(Saved data entries)
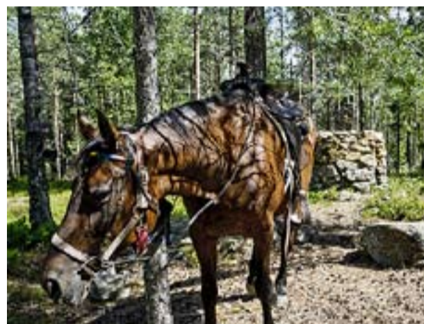
Etter en times ridetur på Anine til grenserøys nummer 35 lar han hesten hvile litt.
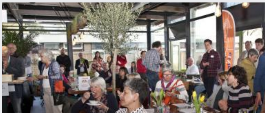
Medewerkers en relaties bij de opening

Aan het Huis waren in 2021 maar liefst 125 vrijwilligers verbonden. Verdeeld over de diverse activiteiten. Veel verschillende taken vervullend: van coördinatie tot algemene ondersteuning en alles daar tussenin. Het aantal vrijwilligers nam in 2021 toe, vooral dankzij het maatjesproject, Nijmegen in Dialoog en Energiecoaches en Energie ambassadeurs. We zijn ontzettend trots op onze trouwe en kundige vrijwilligers. Ook waren er in 2021 8 stagiaires, allemaal van de opleiding Social Work. De vrijwilligers werden ondersteund door een part time coördinator (24 uur) en een andere vaste medewerker (8 uur) en 5 tijdelijke medewerkers met merendeels een klein aantal uren.
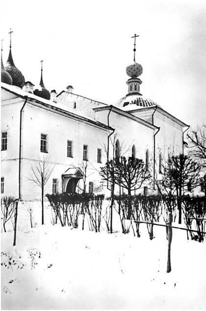
Крестовоздвиженская церковь. 1960-е годы
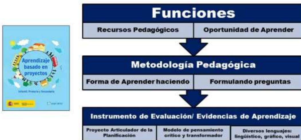
Figura 3. Funciones del ABEP

Por otra parte, existe una evidente correlación entre la metodología de aprendizaje basada en proyecto (ABP), con el aprendizaje experiencial (AE), basado en problemas (ABp), basado en retos (ABR) colaborativo (AC) y aprendizaje invertido (AI) derivado de la ingeniería invertida. También se puede hablar de aprendizaje basado en descubrimiento (ABD), Aprendizaje-Servicio (ApS), aprendizaje dialógico (AD) y aprendizaje basado en investigación (ABI). Como ya se dijo cada uno de estos planteamientos puede ser asumido como una metodología de aprendizaje, pero también como un determinado tipo de aprendizaje, que se genera al utilizar esa metodología. Lo planteado se representa en la figura 4, destacando en cada caso los principales procesos que caracterizan cada metodología.
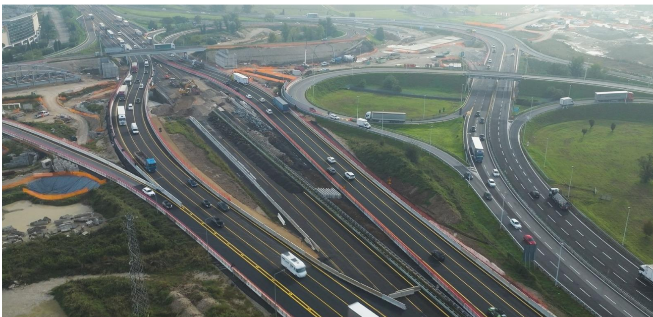
Verona Est: nuova configurazione delle carreggiate deviate

Le due carreggiate di entrambe le direzioni sono deviate all'altezza del km 290, per un tratto di 1,2 chilometri. La nuova configurazione, che garantisce le tre corsie per senso di marcia, proseguirà fino all'inizio del 2025, quando Iricav Due avrà completato i lavori necessari, e richiederà particolare attenzione alla guida, comportando la riduzione della velocità da parte dei viaggiatori per poter garantire la massima sicurezza e fluidità veicolare.
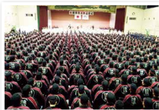
諫早市消防出初式

河川改修や急傾斜地崩壊対策などの治水対策及び消防団活動の推進や防災情報の伝達など消防防災体制を確立するとともに、市民の防災意識の向上による地域防災力の強化を図り、災害に強いまちづくりを推進します。

> **Task instructions**
For the data above, set down exactly the lines from the line with "Aan het Huis" to the line with "Figura 3. Funciones del ABEP", both included, leaving pictures out.

> **Result**
Aan het Huis waren in 2021 maar liefst 125 vrijwilligers verbonden. Verdeeld over de diverse activiteiten. Veel verschillende taken vervullend: van coördinatie tot algemene ondersteuning en alles daar tussenin. Het aantal vrijwilligers nam in 2021 toe, vooral dankzij het maatjesproject, Nijmegen in Dialoog en Energiecoaches en Energie ambassadeurs. We zijn ontzettend trots op onze trouwe en kundige vrijwilligers. Ook waren er in 2021 8 stagiaires, allemaal van de opleiding Social Work. De vrijwilligers werden ondersteund door een part time coördinator (24 uur) en een andere vaste medewerker (8 uur) en 5 tijdelijke medewerkers met merendeels een klein aantal uren.
Крестовоздвиженская церковь. 1960-е годы
Figura 3. Funciones del ABEP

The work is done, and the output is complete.